我的端午,可从来不是从拼音开始的。我的端午,是从外婆手里那股子浓得化不开的糯米与箬叶的香气里钻出来的。是清晨五点就被拽起来,睡眼惺忪地看着大人们把艾草菖蒲挂在门楣上,神神秘秘地说可以“辟邪”。是手腕上被系上五彩线,被告诫在第一场夏雨到来前绝对不能摘下,否则……否则会怎样?谁也说不清,但那种带着一丝敬畏的神秘感,就这么牢牢地刻在了童年的记忆深处。
那会儿,我们哪里知道什么pinyin。我们只认得“端午节”那几个方方正正的字,它们出现在日历上,出现在黑板报上,出现在街坊邻居的祝福里。它是一个完整的、有血有肉的符号,一个充满了特定气味、特定口感、特定仪式的集合体。

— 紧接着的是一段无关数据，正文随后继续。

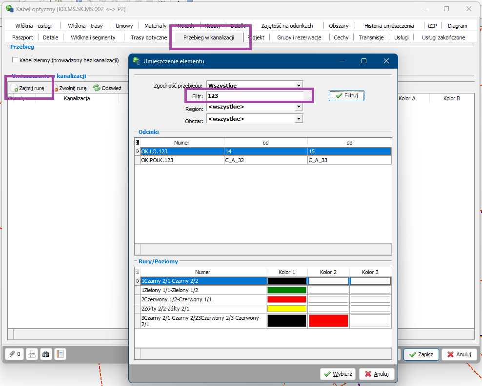 W oknie wprowadzania kabla do rury pojawił sie filtr pozwalającyu na ograniczenie listy odcinków lub wyszukanie odcinka o zadanym numerze.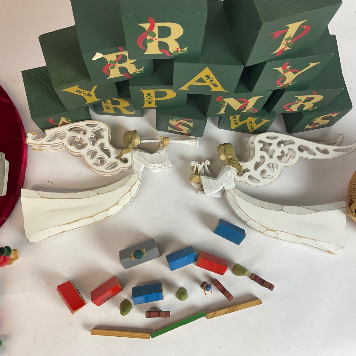 various Christmas decor with wooden angels and more

可现在,对于我儿子这一代来说,一个jié rì(节日)的起点,竟然是一串需要精确拼读的拉丁字母。
Chūnjié,春节。
Qīngmíngjié,清明节。
Zhōngqiūjié,中秋节。
他们通过键盘,在微信里敲出“gōng xǐ fā cái”,速度飞快,甚至比手写“恭喜发财”还要熟练。那些复杂的笔画,那些横竖撇捺顿构成的、充满了东方哲学与美感的方块字,被简化成了一连串的音节组合。按下空格,手机算法聪明地替你选出最常用的那个词。方便,太方便了。
可我总觉得,这方便里,好像漏掉了一点什么。
就像“春节”,Chūnjié。这个拼音读出来,响亮,干脆。但汉字“春”里头,藏着草木生发、万物复苏的无尽生机;“节”这个字,像一截竹子,是一段时光的节点,一个需要停下来、回顾与展望的庄重时刻。这些意象,这些流淌在字形里的文化血脉,在“Chūnjié”这串声音符号里,被稀释了,变得扁平。
你再看“清明”,Qīngmíngjié。多轻柔的两个音节。可“清明”二字,本身就自带一幅烟雨蒙蒙的水墨画。天气清澈,景物明朗。它既是一个节气,又是祭祖的肃穆日子。这其中交织的,有对自然的精准观察,也有对生命的深沉思考。当一个孩子只在拼音层面去理解它,他得到的,或许只是一个发音正确的标签,而不是那份浸润在春雨薄雾里的、独特的文化心境。
有时候,我甚至觉得拼音这东西,带着一种残酷的“祛魅”力量。
它把一个个充满故事和画面感的词语,还原成了最基础的声音零件。就像把一幅精美的刺绣拆解成一堆五颜六色的丝线。没错,丝线都在,颜色也都对,但那幅栩栩如生的鸾凤和鸣,却不见了。
我当然不是要全盘否定拼音。我知道,它是识字的桥梁,是信息时代不可或缺的工具。没有它,我儿子无法这么快地在网上查资料,无法和远方的爷爷奶奶视频时,在屏幕上打出“我想你们了”。它是一种赋能,一种解放。
但我怕。
我怕有一天,我们的jié rì,在孩子们的认知里,真的就只剩下了一串拼音,和几天可以不用上学的假期。
我怕“中秋”对他们来说,只是一个读作“Zhōngqiū”的词,而不是李白“举头望明月”的乡愁,不是苏轼“但愿人长久”的祝祷,更不是一家人围坐在月光下,分食一块甜到心坎里的月饼的那份圆满。
我怕“元宵”对他们来说,只是“Yuánxiāo”,而不是灯火璀璨的街市,不是谜语纸条上的绞尽脑汁,不是那一碗滚烫软糯的、象征着团团圆圆的汤圆。
所以,在那天晚上,我合上了儿子的作业本。
我没有继续跟他解释拼音规则,而是从储藏室里翻出了去年端午包粽子剩下的干箬叶。我把它放在热水里浸泡,让那股熟悉的、带着一丝苦涩的植物清香,慢慢地、慢慢地,弥漫整个厨房。
我告诉他:“‘端午’的‘午’,不只是一个w-u-wǔ的声音。它的味道,就是这个。闻闻看。”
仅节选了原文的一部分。